Он вышел с готовым букетом, но у Марата уже не было сил забрать его. Он сидел за рулем, сам весь на взводе. Он не был виноват ни в чем и сам не узнавал себя. Букет для матери так и остался невостребованным. И ехать к ней сейчас не было никакого желания, потому что Фаина… Фаина, которую он бросил семь лет назад и которая семь лет назад его бросила, отшвырнула, как использованную вещь, была тут, рядом, близко на пассажирском сиденье.
Неужели она до такой степени напоминала ему мать? Была на нее так похожа? Нет, вовсе нет. Тут что-то совсем другое.
– Ты ведьма, Фаина, – сказал он ей, когда они мчались в Москву.
Подруга – та дылда, девица с вытянувшейся от огорчения физиономией – осталась где-то там, далеко. Букет для матери тоже. Раненый и так и не убитый кабан рыскал тоже вдали от Москвы по заповедному Евпатьевскому лесу. И о нем тоже следовало на время забыть.
– Ты настоящая ведьма, – повторил Марат с неподдельным восхищением. – Ну, как ты жила все это время? Рассказывай.

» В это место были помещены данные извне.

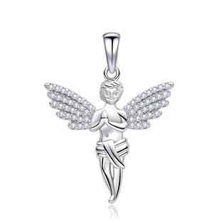 Stříbrný přívěšek ve tvaru andílka zdobeného zirkonem čiré barvy
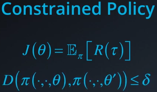 我们来举一个有四条腿的行走机器人例子。一个策略可能使机器人这样行走。另一个策略可能使机器人的步法完全不一样。两个策略都是合理的解决方案。假设策略 A 是当前策略,策略 B 是梯度目标指向的策略,一个更好的策略。我们的优化算法将尝试更新参数以从 A 移到 B。但是并非一直这样。因为我们使用了学习步骤 α,因此我们进入一组中间策略参数,但是可能会导致很糟糕的性能。这在行走等复杂的控制任务中很常见。不同动作之间的坐标和时间非常重要,算法依然在学习改善策略并获得合理的结果,但是学习流程本身可能会非常不稳定并且效率很低。此外,在某些应用中,例如机器人,我们会处理电子机械组件,显著改变策略参数可能会破坏装置。因为这些原因,除了目标函数之外,我们还应该注意策略参数。实际上,我们可能需要对策略参数进行一些限制,只能以某种方式更改参数,或只能按照一定的数量更改参数。我们可以通过添加限制条件,在基于梯度的算法中实现这一点,要求两个策略之间的差异不能超过某个阈值 δ。

– Нечего рассказывать, радость моя, – Фаина улыбалась.
– Как – совсем?
– Ну, может, потом, когда выпьем в баре.
Он выбрал модный гламурный бар на набережной Тараса Шевченко. Выбрал не без задней мысли – стены бара с момента открытия украшали фотографии самых красивых женщин столичной тусовки. Фото Фаины Пеговой – в полный рост, в винтажном платье сороковых годов, стилизованной под Вивьен Ли, – украшало стену над черным кожаным диваном, на котором они и устроились в ожидании коктейля.
– Водку, джин?
– Водку с тоником и льда побольше. Жарко. – Фаина вытянула ноги и оперлась рукой о диванный валик. На ней был атласный топ и короткая юбка. Марат не отводил глаз от ее стройных ног, от глубокого декольте. Когда они жили вместе, она порой не носила нижнего белья. Тогда все тащились от Шарон Стоун в «Основном инстинкте» и брали на вооружение все ее тамошние приколы. Господи, сколько же лет прошло… И они постарели, потеряли столько времени, растратив его даром…
– Ты так и не женился, радость моя?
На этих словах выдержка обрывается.